2020 Vol. 3, Issue 2

ISBN: 2446-3620

DOI: 10.7146/si.v3i2.121858

 




 

Editorial

 

Welcome to Volume 3, issue 2 of Social Interaction. Video-Based Studies of Human Sociality.


The format for academic articles varies from journal to journal and includes such aspects as layout and reference style. Although reference management software such as EndNote, Zotero and Mendeley make it relatively easy to change references from one style to another with just a few clicks, authors typically spend a lot of time formatting the paper prior to submission. If you change your mind about where to submit your paper -or if the paper is rejected- you usually need to reformat the manuscript to fit the formatting guidelines of another journal.

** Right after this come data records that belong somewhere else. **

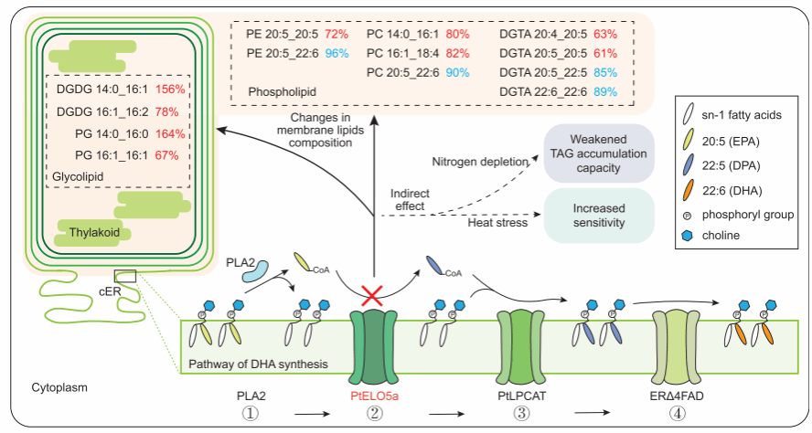 通过蛋白亚细胞定位、基因过表达、Crispr-Cas9介导的基因编辑、以及转录组和脂质组学等研究方法,该研究对三角褐指藻DHA合成的关键酶PtELO5a进行了功能分析。研究发现,ptELO5a突变株除了DHA的生物合成显著受阻之外,还表现出转录组和脂质组成的显著变化,特别是ptELO5a基因敲除影响了藻株甘油三酯的积累。与此同时,突变株对高温(28°C)的敏感性显著增加,分析表明这与内质网膜中磷脂组成及质体中糖脂组成密切相关。此项研究证明了PtELO5a介导的DHA合成在三角褐指藻的生理功能不可忽视,它们在调节膜脂组成、甘油三脂的积累以及降低热敏感性方面发挥了积极作用(图2)。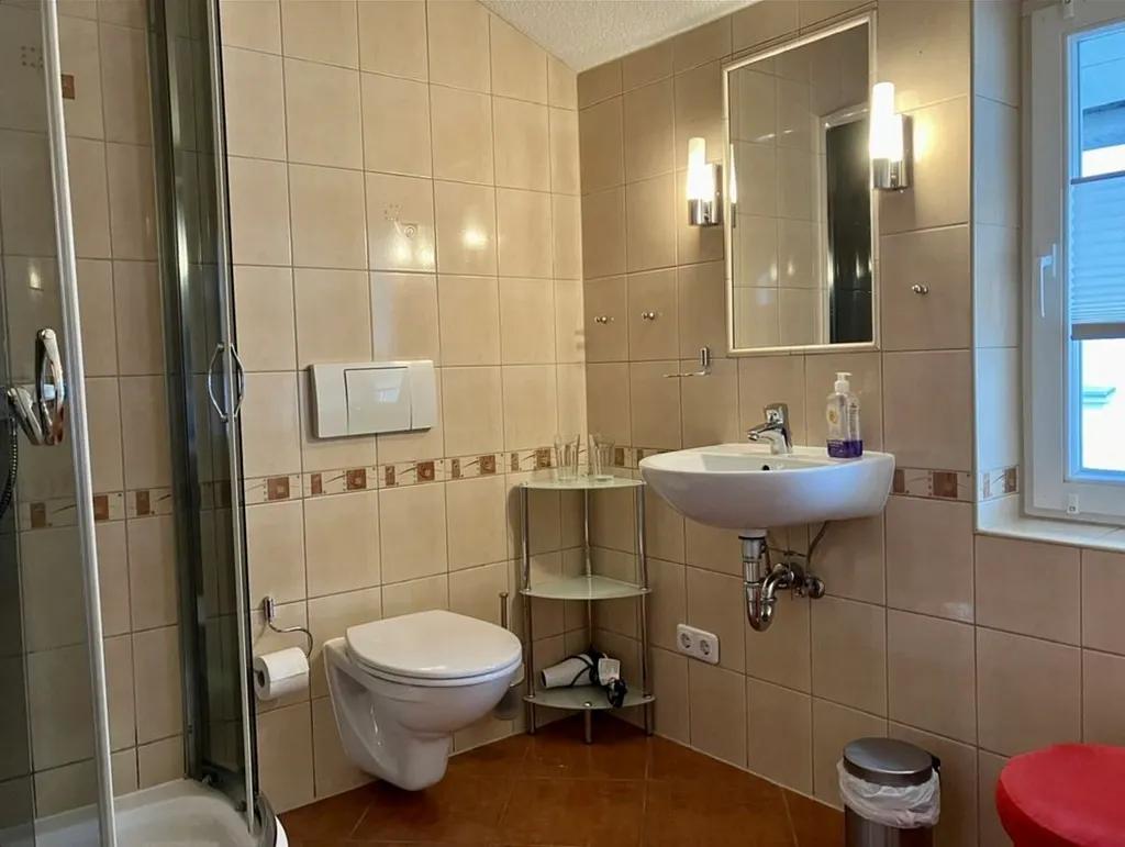 „Groß genug für 2 Personen mit Kind, sehr gute Lage. Empfehlenswert, auch wegen der ständigen Erreichbarkeit des sehr freundlichen Vermieters. Einziges Minus - kein Geschirrspüler in der Küche.“
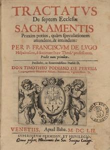 Francisco de Lugo (1580–1652) was a Spanish Jesuit theologian. He briefly taught theology at the Universidad Javeriana in Santa Fe de Bogota, New Kingdom of Granada before moving to Mexico. During his time in America, he wrote several works which were published upon his return to Spain.[1]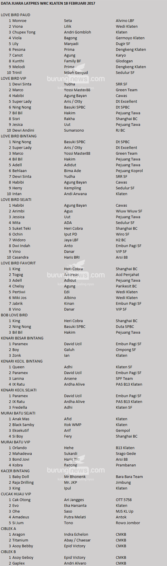 Hasil Lomba Burung

For this reason, it is our pleasure to announce that Social Interaction now adheres to format-free submissions. This means that you no longer need to worry about layout and formatting constraints, as long as you include everything necessary for the paper to be properly reviewed. Read more about the format-free submission policy here.

 

The current issue features five articles that look at such diverse settings as outdoor walking, computer gaming, second-language learning, home interaction using Norwegian sign language, and broadcast shows.

 

Maximilon Baddeley explores an ethnomethodological respecification of ‘gestalt-contextures’ to describe how two artists and a social researcher organize themselves to navigate river terrain. He provides novel insights into how an art object takes on many meanings within the ongoing context.

 

Fredrik Rusk and Matilda Ståhl present a CA perspective on ‘kills’ and ‘deaths’ in the computer game Counter-Strike. They show how the social organizational structure of game play connected to Kill- and Death-events in CS:GO can be described as a set of “rules” that participants orient to.

 

Jenny Gudmundsen and Jan Svennevig analyze multimodal displays of understanding in vocabulary-oriented sequences. Based on data from second language interactions they argue that understanding is displayed not only by change-of-state tokens, but typically by a more encompassing multimodal gestalt involving facial expression, gestures, and torso movements. They introduce the concept of change-of-state face, which is constituted through raised eyebrows and widened eyes, produced while the head and/or the torso is raised upwards.

 

Kristian Skedsmo provides an overview of formats and subtypes of other-initiation of repair employed in Norwegian Sign Language (NTS). Special attention is given to the implicit open-class repair-initiation: the “freeze-look”. The results show a high degree of overlap with formats found in spoken languages, but also highlight features that seem to be unique to signed languages.

 

Jürgen Streeck argues that self-touch is often perhaps wrongly understood as a form of interactional disengagement. Instead he shows how self-touch can also be a cooperative action, displaying the deeply social nature of the human body

 

We hope you will enjoy this and future issues of Social Interaction. Video-Based Studies of Human Sociality and look forward to new submissions.